Reputation: 833
If I have a dictionary and add e.g. an instance of a class MyClass to this dictionary, how do I make sure that a deserialization and serialization of the dictionary contains the class and not a JObject?
internal class MyClass
{
public string MyProperty { get; set; }
}
[TestMethod]
public async Task DebugTest()
{
Dictionary<string, object> testDictionary = new Dictionary<string, object>();
testDictionary.Add("testkey", new MyClass() { MyProperty = "testproperty" });
string json = JsonConvert.SerializeObject(testDictionary);
Dictionary<string, object> restoredDictionary = JsonConvert.DeserializeObject<Dictionary<string, object>>(json);
}
The testDictionary contains the MyClass, but the restoredDictionary contains a JObject.
Update: Please note that I will have to use string, object.

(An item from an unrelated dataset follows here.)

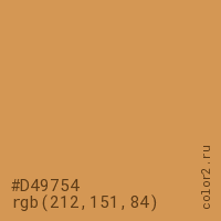 Цвет #D49754 в цветовой модели RGB обозначается тремя октетами (212, 151, 84) в десятичном формате и #D49754 в шестнадцатиричном (hex) формате, которые являются интенсивностью красного 212 (hex D4), интенсивность зелёного 151 (hex 97) и интенсивность синего 84 (hex 54).

So I'm really looking for a way to tell Json.Net to convert to a class and not JObject
Upvotes: 4
Views: 1808
Reputation: 833
The problem was that Json.Net has no way of knowing that an string, object deserialied and serialized again should be of a specific type. Luckily, there is an attribute called TypeNameHandling that tells Json.Net to save the type in the json string. Using this option for serializing and deserilizing worked perfectly :-).